Given information: Begin
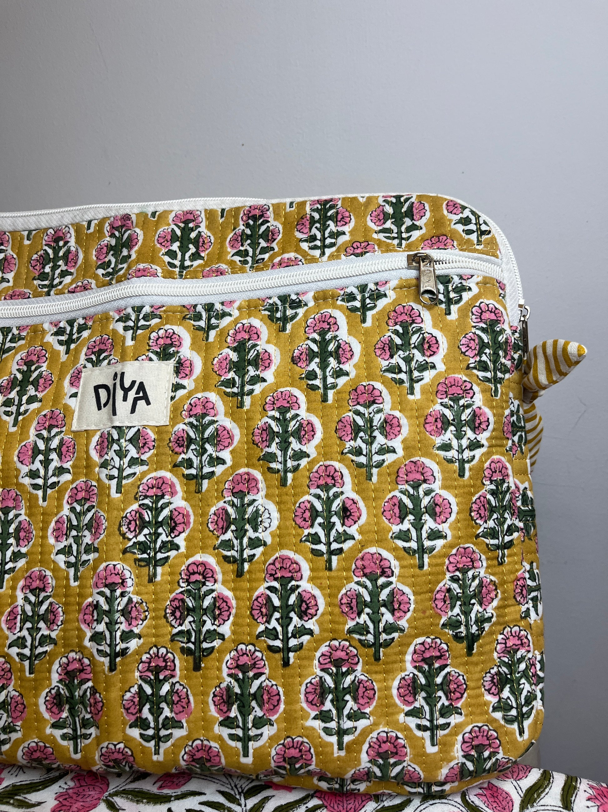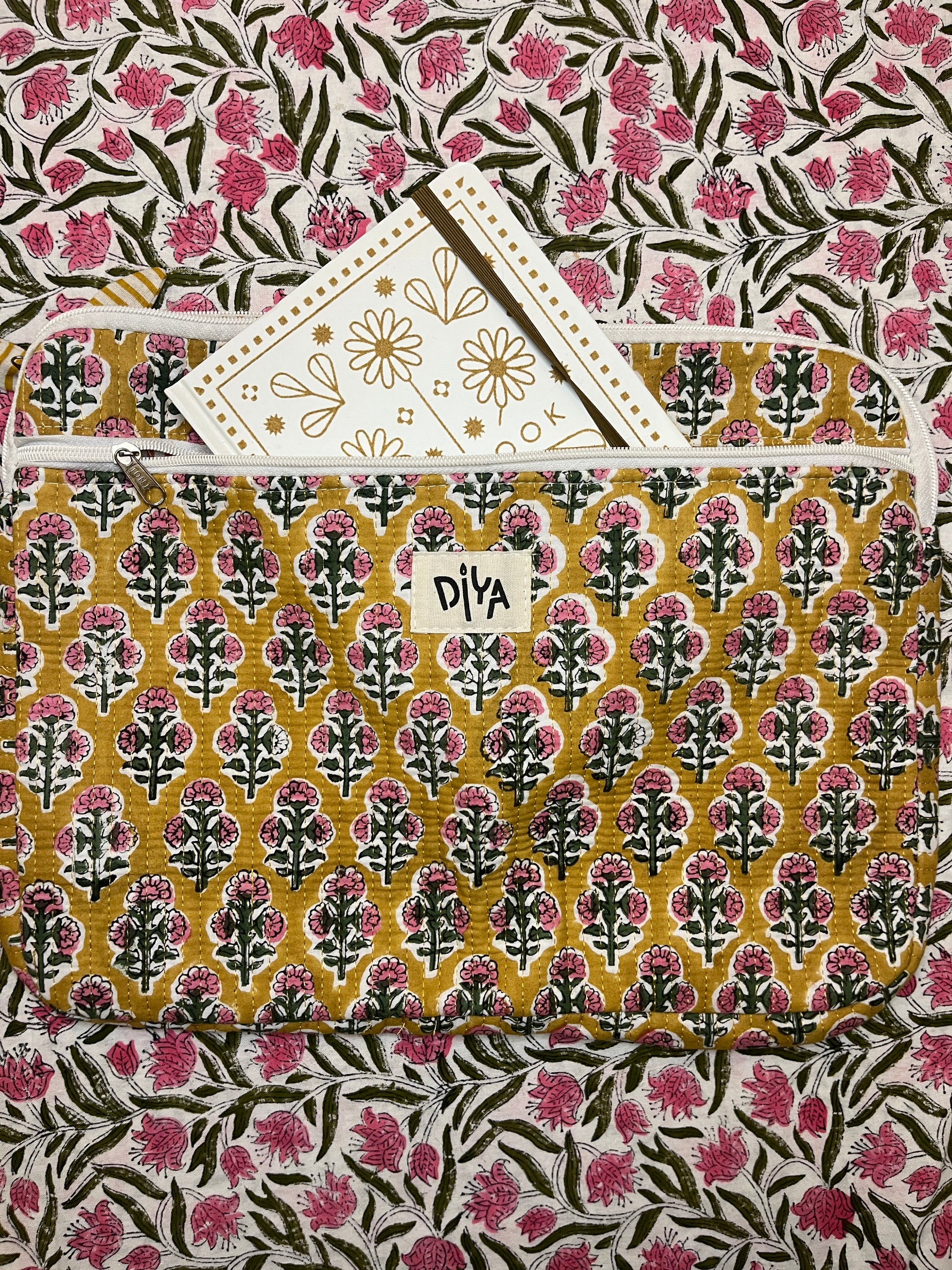 Cheerful pink motifs on hand block-printed cotton. Fits up to an 18-inch laptop and has an extra front pocket for chargers and notes. 100% cotton, hand-printed and easy to style with your day. Hand wash gently in cold water
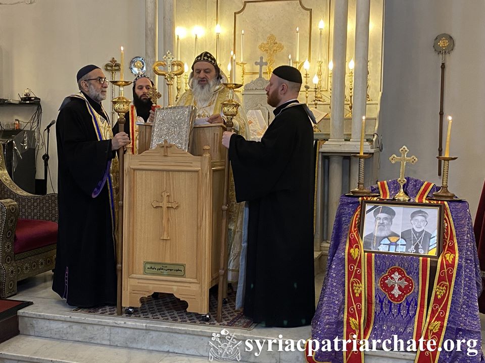 Durante el Santo Qurobo, Su Santidad ofreció oraciones y el servicio de los sacerdotes difuntos (teshmeshto d’kohne) por la conmemoración de un año del fallecimiento del difunto Mor Philoxenus Matta Chamoun y Mor Timotheos Aphrem Aboudi, de bendita memoria.
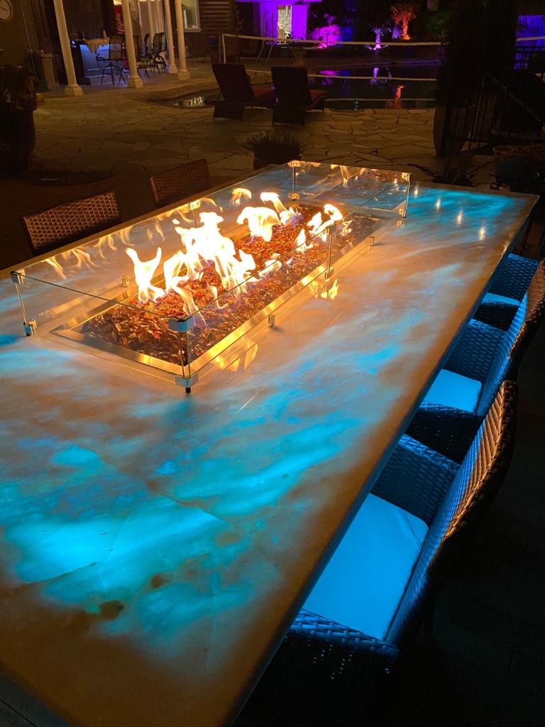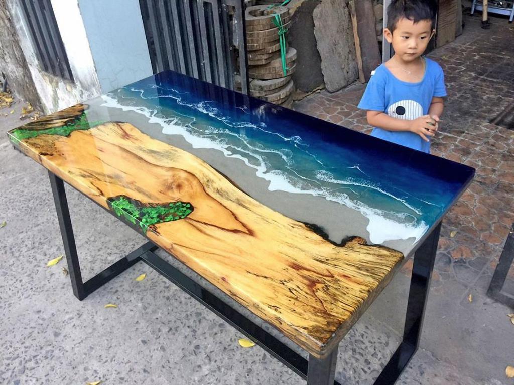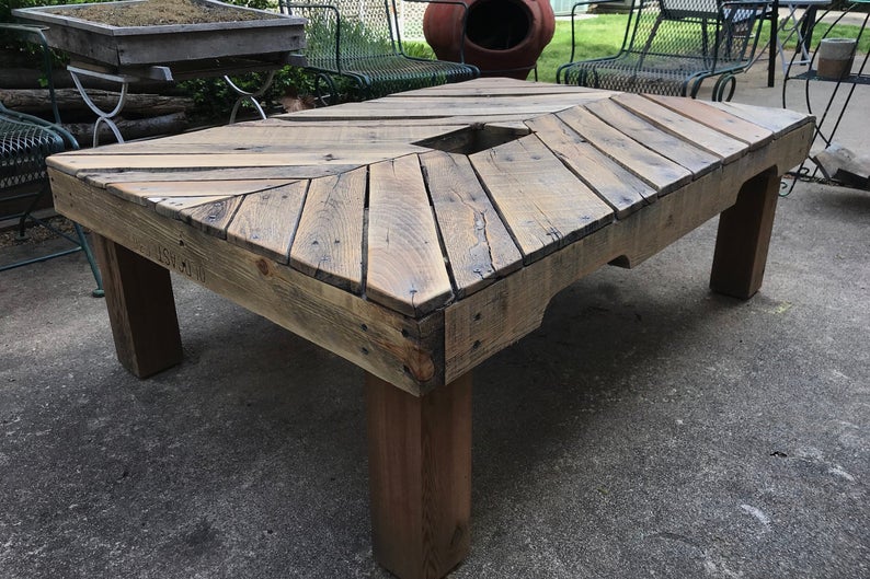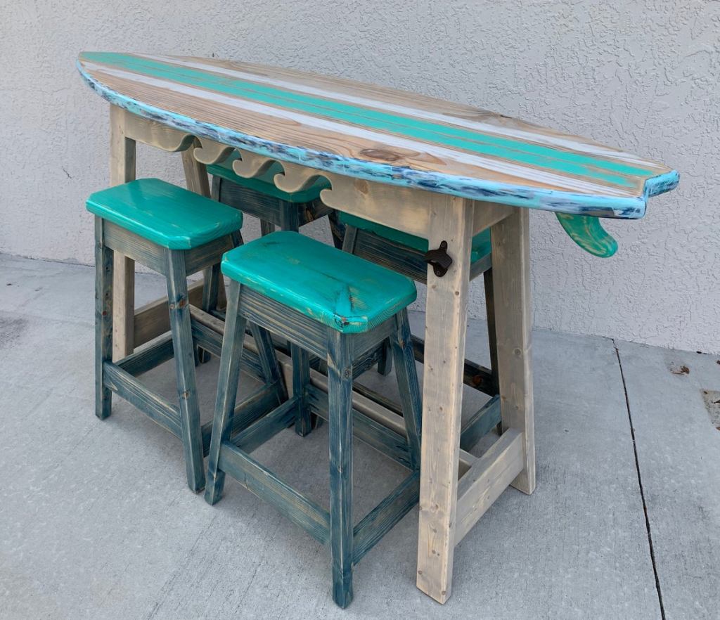 This concrete-top table should stand up to the salt water, and it’s gorgeous! By JacobsenFurnitureWhat a magnificent epoxy-coated wooden mosaic table! By TableLegsUSThis marble-top table with built-in fire pit is a bit too fancy for us, but it sure is interesting! By NGCustomWorkshopThe blend of reclaimed woods in this table is just gorgeous! By CloudNoirThis beauty is made out of reclaimed pallet wood! By EllisGeneralCoEven though it’s wood and has a living edge (both features which I love but which are not ideal for saltwater exposure), this one is my absolute fave! By OMCreationIncWhat a gorgeous polished concrete table! I love it paired with the vintage metal chairs. By KyashCubesIsn’t it incredible the things people can make with resin? By EpoxyResinWoodBeautyThis remarkable, space-saving idea came up in my search, and I’m so inspired! There is one of these in our future for sure. By UpstreamDesignCoWe’d be very popular! By LittleBearsDesignNot quite what we need, but thoroughly adorable! By WebberWoodWerksI do love a good Moroccan mosaic, and the colors in this one make me happy! By ShopLMOnlineAnd the title of greatest (if least practical) outdoor table of all time goes to this fantastic creation! By SwingTables (who else?)
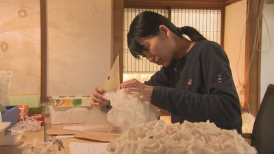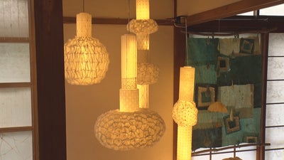 手作りした和紙を、小さくちぎってひとつひとつつなぎ合わせて作られた照明。制作したのは、鹿児島市で和紙デザイナーとして活躍する原口敬子さん(36)。
Given information: End
# Task description
Leaving the pictures out, print every line of the listing exactly.

# Response to this task
 Cheerful pink motifs on hand block-printed cotton. Fits up to an 18-inch laptop and has an extra front pocket for chargers and notes. 100% cotton, hand-printed and easy to style with your day. Hand wash gently in cold water
 Durante el Santo Qurobo, Su Santidad ofreció oraciones y el servicio de los sacerdotes difuntos (teshmeshto d’kohne) por la conmemoración de un año del fallecimiento del difunto Mor Philoxenus Matta Chamoun y Mor Timotheos Aphrem Aboudi, de bendita memoria.
 This concrete-top table should stand up to the salt water, and it’s gorgeous! By JacobsenFurnitureWhat a magnificent epoxy-coated wooden mosaic table! By TableLegsUSThis marble-top table with built-in fire pit is a bit too fancy for us, but it sure is interesting! By NGCustomWorkshopThe blend of reclaimed woods in this table is just gorgeous! By CloudNoirThis beauty is made out of reclaimed pallet wood! By EllisGeneralCoEven though it’s wood and has a living edge (both features which I love but which are not ideal for saltwater exposure), this one is my absolute fave! By OMCreationIncWhat a gorgeous polished concrete table! I love it paired with the vintage metal chairs. By KyashCubesIsn’t it incredible the things people can make with resin? By EpoxyResinWoodBeautyThis remarkable, space-saving idea came up in my search, and I’m so inspired! There is one of these in our future for sure. By UpstreamDesignCoWe’d be very popular! By LittleBearsDesignNot quite what we need, but thoroughly adorable! By WebberWoodWerksI do love a good Moroccan mosaic, and the colors in this one make me happy! By ShopLMOnlineAnd the title of greatest (if least practical) outdoor table of all time goes to this fantastic creation! By SwingTables (who else?)
 手作りした和紙を、小さくちぎってひとつひとつつなぎ合わせて作られた照明。制作したのは、鹿児島市で和紙デザイナーとして活躍する原口敬子さん(36)。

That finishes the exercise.